When you reach the line below that has "随后举行了伟德官网首个大学生", start returning lines exactly, and stop after the line that has "Rucsac marocan de"; skip the pictures.

-------- RECORD SET

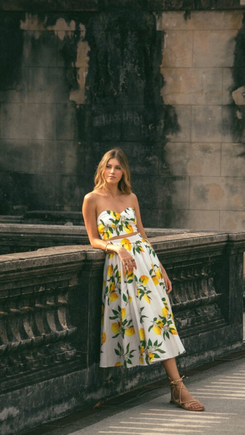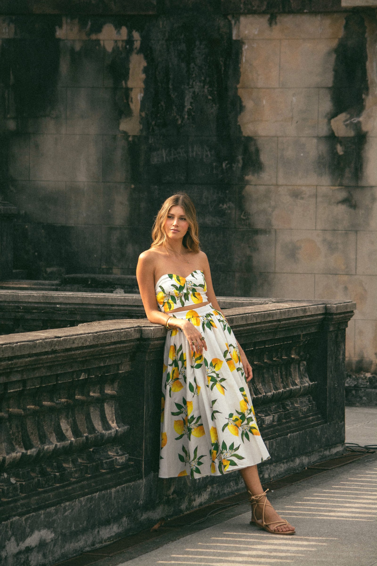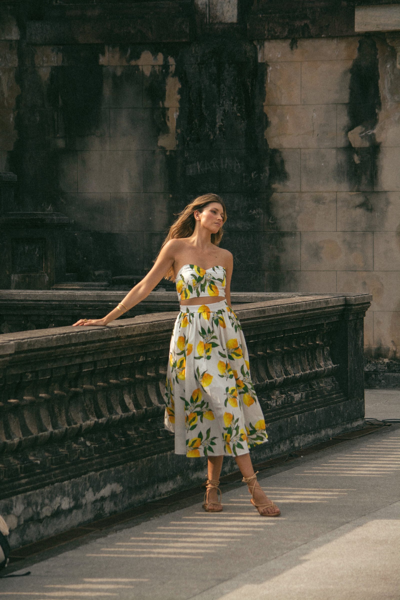 El Top Amalfi te transporta a los paisajes mediterráneos con su vibrante estampado de limones y diseño fresco. Perfecto para los días cálidos de verano, este top combina un escote palabra de honor con detalles ajustados que resaltan la figura de manera favorecedora. Diseñado para ofrecer una mezcla de estilo y comodidad, el Top Amalfi es una pieza versátil que refleja el espíritu relajado y colorido de la colección Tierra Caliente.
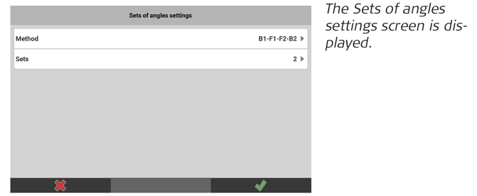• To start the measurement process, tap Define Set. - Working with a manual total station: Turn the instrument to sight the defined points in the desired face and trigger the measurement manually. Follow the instructions on
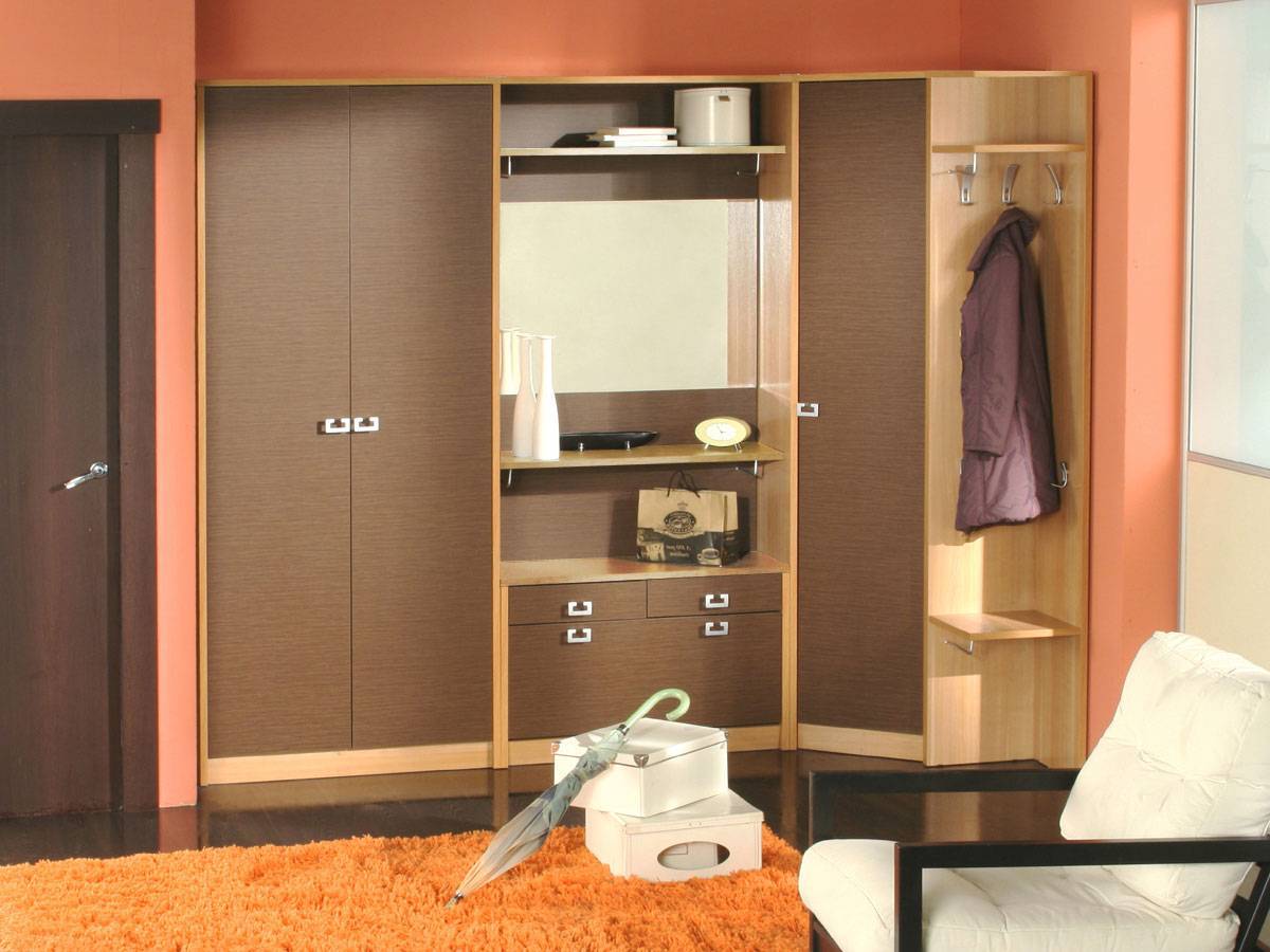 Если в прихожей присутствует угол, то используйте его с пользой. Попробуйте разместить, к примеру, там небольшой шкаф-купе. Или же обычный шкаф — что более вашей душе угодно.
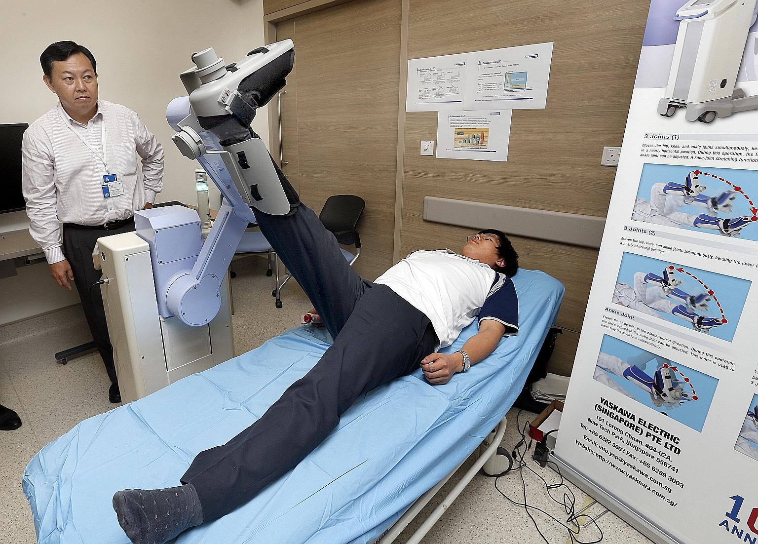 Another machine, the LR2, or Leg Rehabilitation Robot, can be used to provide six exercise routines for the ankle, knee and hip at the same time. It can be used to help patients suffering from orthopaedic and nerve diseases.
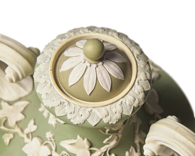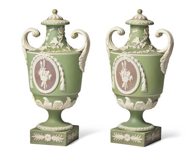 A Pair of Wedgwood Sage and Lilac Jasperware Twin Handled Urns
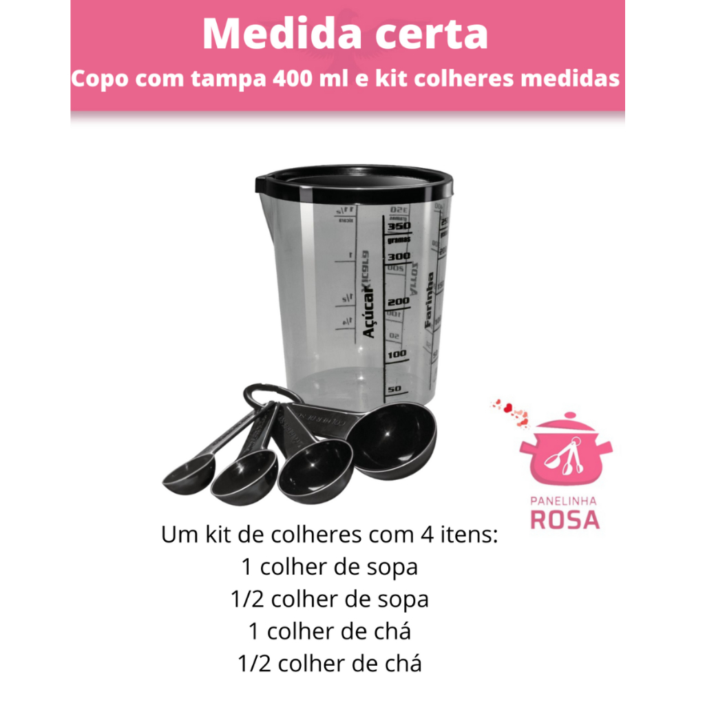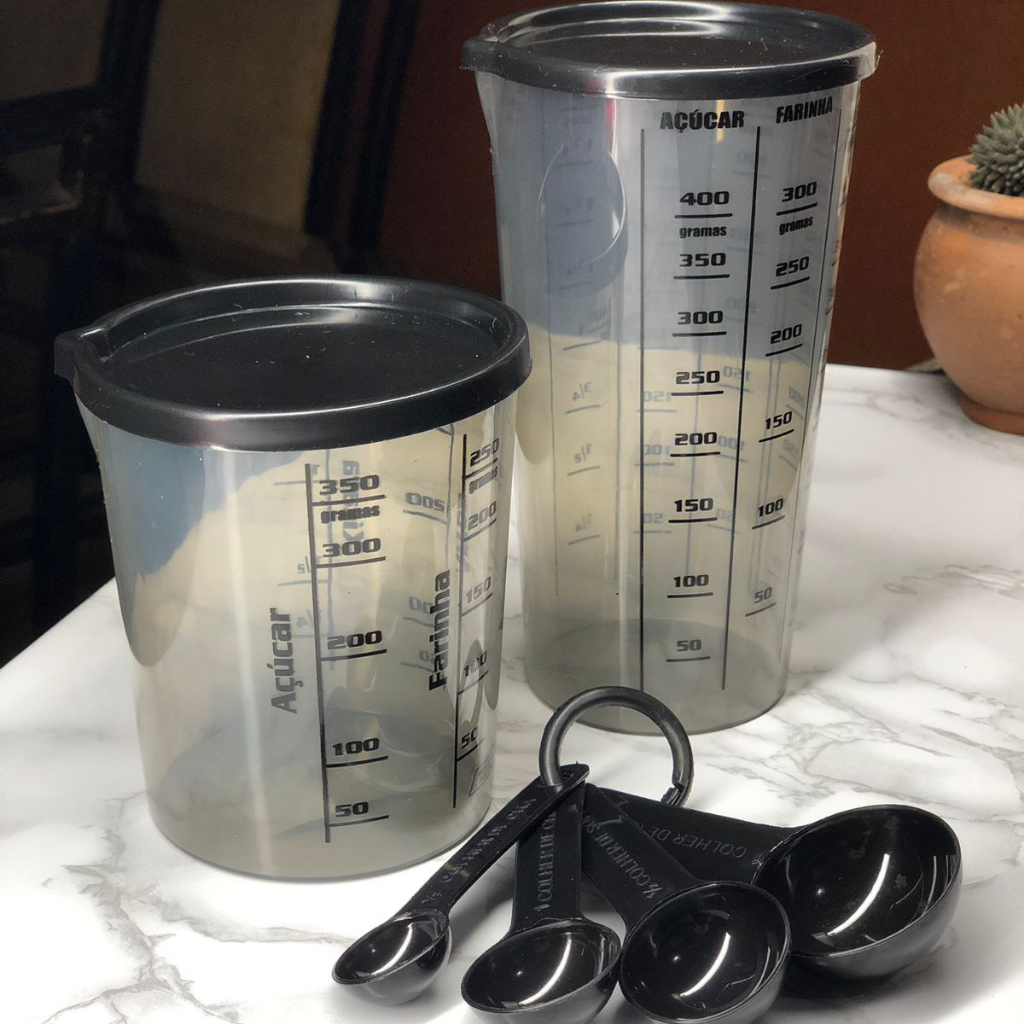 Kit 6 peças conjunto minimalista fume com 2 copos com tampa e colheres medidoras na cor preta
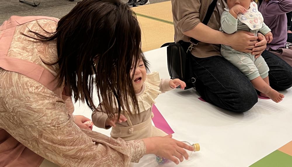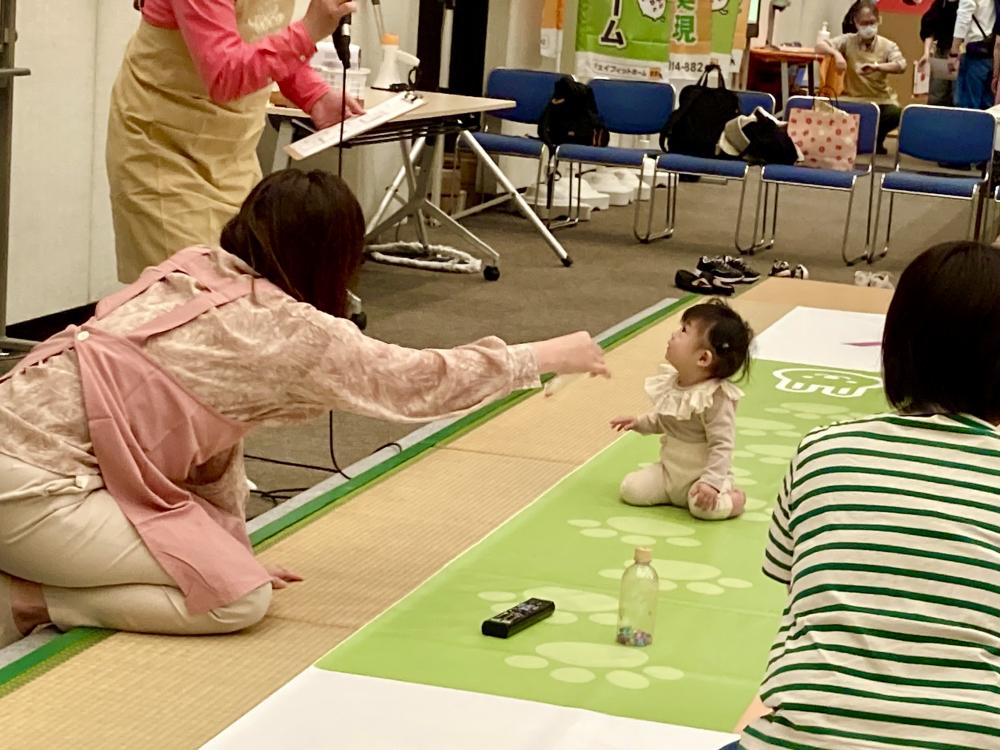 娘 大好物のリモコン、ガラガラ、お菓子に先導してもらい
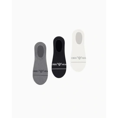 Emporio Armani Footie 3 PACK Trainer socks, Men's, Size: S/M, Black/white/quietshade
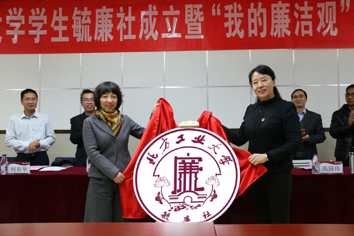 随后举行了伟德官网首个大学生廉洁教育社团“毓廉社”的成立仪式。校纪委书记欧阳媛、校党委副书记田红芳为毓廉社的标志揭幕,校纪委副书记刘夕海、学生工作部部长高国伟为社团指导老师、社团负责人颁发了聘书,校团委社团工作部部长谌奕鹏宣读了关于同意毓廉社的批示,学生社团联合会主席冯新宇宣读了毓廉社章程,毓廉社第一任社长林一诺宣读了社团2017年工作计划。
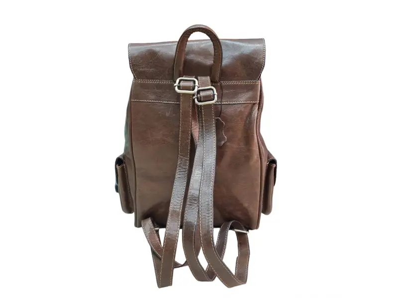 Rucsac marocan de calitate, lucrat manual. Rucsac maro închis din piele naturală de calitate, cu mâner confortabil pentru purtare în mână, compartimente frontale mici - ePazar.bg
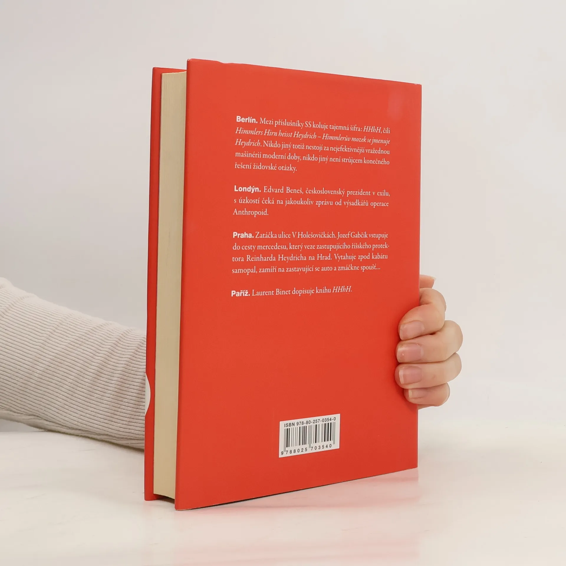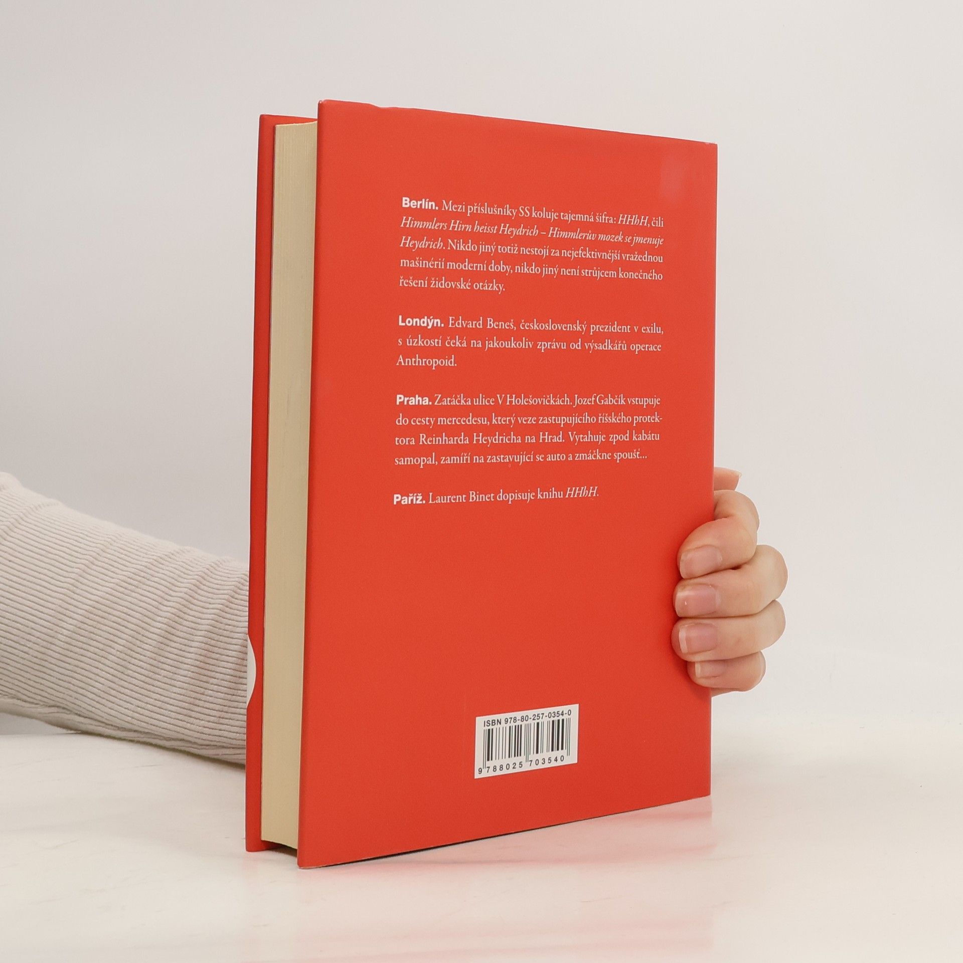Je květen 1942 a výsadkáři Jozef Gabčík a Jan Kubiš se připravují na cíl operace Anthropoid: zabít Reinharda Heydricha, zastupujícího říšského protektora Protektorátu Čechy a Morava, „pražského kata“ a „blonďatou bestii“. Druhého nejvyššího muže v hierarchii SS provází šeptem pronášená tajemná zkratka HHhH: Himmlers Hirn heißt Heydrich – Himmlerův mozek se jmenuje Heydrich. Ne nadarmo – Heydrich totiž patří k hlavním organizátorům židovského holocaustu neboli Endlösungu... Strhující prvotina francouzského spisovatele Laurenta Bineta, který dlouho pobýval na Slovensku a v Česku, barvitě vykresluje okolnosti „nejodvážnějšího protinacistického činu v dějinách druhé světové války“ a novátorsky v něm zkoumá vztah mezi realitou a fikcí.
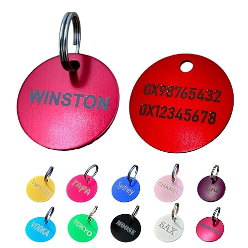 UNIKTAG Médaille gravée pour chien ou chat, médaillon personnalisable rond, 10 coloris, 18 polices de caractères, aluminium. Gravure laser en France (Rouge)
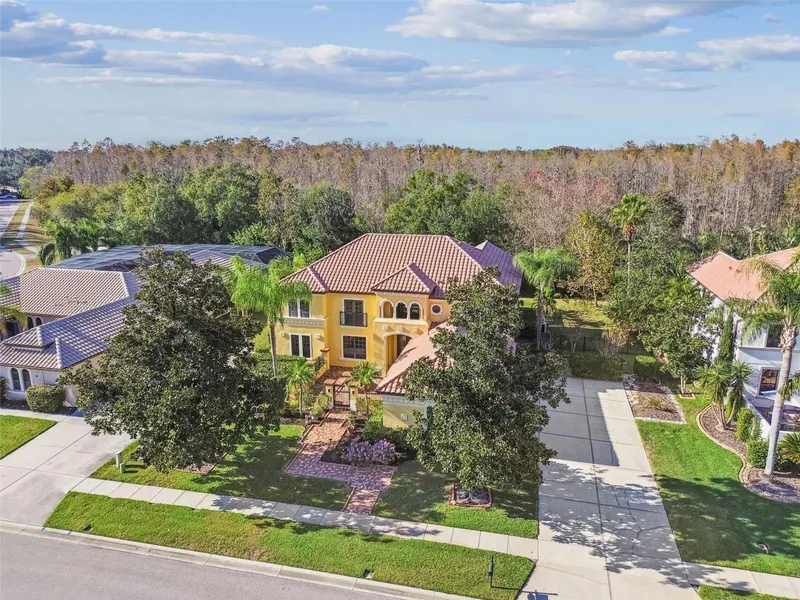 Mercedes Homes San Remo model with custom courtyard, 6 beds, 4 full baths, 3-car side entry garage, fenced, 1/2 acre conservation lot on a quiet cul-de-sac in walking distance to elementary school. Equipped with double ovens plus a convection microwave oven, the kitchen is ready for its next chef! Both full seating dinette that overlooks the pool plus a formal dining space for Sunday dinners and big holiday gatherings. The pulse of the home is the family room with 20-foot ceiling for an open airy space that overlooks the pool and conservation - cue the deer, turtles and bunnies that charm their way around the neighborhood. The primary retreat features French doors that open to the pool, very generously sized room to fit any furniture type (plus a treadmill, seating area or desk). Primary bath offers a stall shower and a soaking tub with triple mirrors and spacious double vanity plus seating nook and walk-in closet. Downstairs bedroom serves as office but has a full bath with stall shower and is perfect for designated in-law space. Enjoy 4 oversized bedrooms, an open loft and huge media/bonus room upstairs - affectionately known as the kids' condos! Possibilities are endless - study space, library, office, workout space, gaming room, theater room, play room. This home is perfect for generational living, too! Oakstead features a clubhouse with weekly and monthly social activities, a pool, kiddie pool, tennis courts and miles of sidewalks throughout lush Florida landscaping. Conveniently located at the southernmost point of Pasco county, get quick access to Hillsborough, Pinellas and Hernando counties. Regional outlet mall offers tons of shopping and dining. Houses of worship are plenty. Tampa International Airport less than 30 min away.
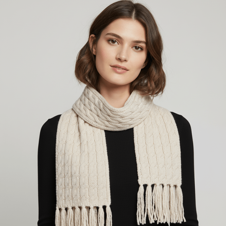 Sciarpa con frange caratterizzata da un effetto maxi tricot all over, perfetto per affrontare ogni giorno con un accessorio unico e indispensabile. Completa il tuo look con la cuffia in coordinato.

----------------

SOLUTION TO THIS PROBLEM »
 随后举行了伟德官网首个大学生廉洁教育社团“毓廉社”的成立仪式。校纪委书记欧阳媛、校党委副书记田红芳为毓廉社的标志揭幕,校纪委副书记刘夕海、学生工作部部长高国伟为社团指导老师、社团负责人颁发了聘书,校团委社团工作部部长谌奕鹏宣读了关于同意毓廉社的批示,学生社团联合会主席冯新宇宣读了毓廉社章程,毓廉社第一任社长林一诺宣读了社团2017年工作计划。
 Rucsac marocan de calitate, lucrat manual. Rucsac maro închis din piele naturală de calitate, cu mâner confortabil pentru purtare în mână, compartimente frontale mici - ePazar.bg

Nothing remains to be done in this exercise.